A few videos/photos of bikes/scooters loading/unloading would help demonstrate all the options here , anyone got any. I have been laid up with a bad back for over three weeks now so I'm out.


----------



## nicholsong (May 26, 2009)

rayrecrok said:


> Hi.
> 
> How about one of these..
> 
> ...


Good one Ray 

Is there an 'A'- frame for it? :lol:

Geoff


----------



## tonka (Apr 24, 2006)

Now back home and have been able to catch up on this thread,,,

I may have a problem !! :? 

Just studied the paperwork that came with the Apache 700 and on the certificate of conformity under "masses" it states.
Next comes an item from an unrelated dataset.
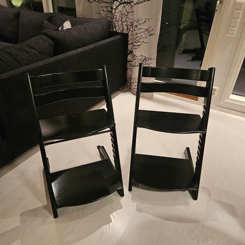 Stokken Tripp Trapp lasten tuoli. Väri violetti/luumu. Yleisilmeeltään siisti, mutta käytönjälkiä näkyy maalipinnassa. Ks. kaikki kuvat.

"Technically permissible maximum static vertical mass at coupling point " 100kg
I re-call that I did email Autotrail about this (but cant find the reply now !) and they stated that was the max downforce weight at the towball.... If that is correct then I am very limited to what I can use..
Having a re-think...


----------



## Mike48 (May 1, 2005)

That is correct. I have had a similar exchange with Swift. 

I have been posting on this issue until I'm blue in the face but have given up because there are many who seem intent on loading their motorhomes beyond the capabilty of the vehicle and are intent to rely on axle weights only. Some engineering companies seem to ignore vertical load and fail to advise purchasers of its significance.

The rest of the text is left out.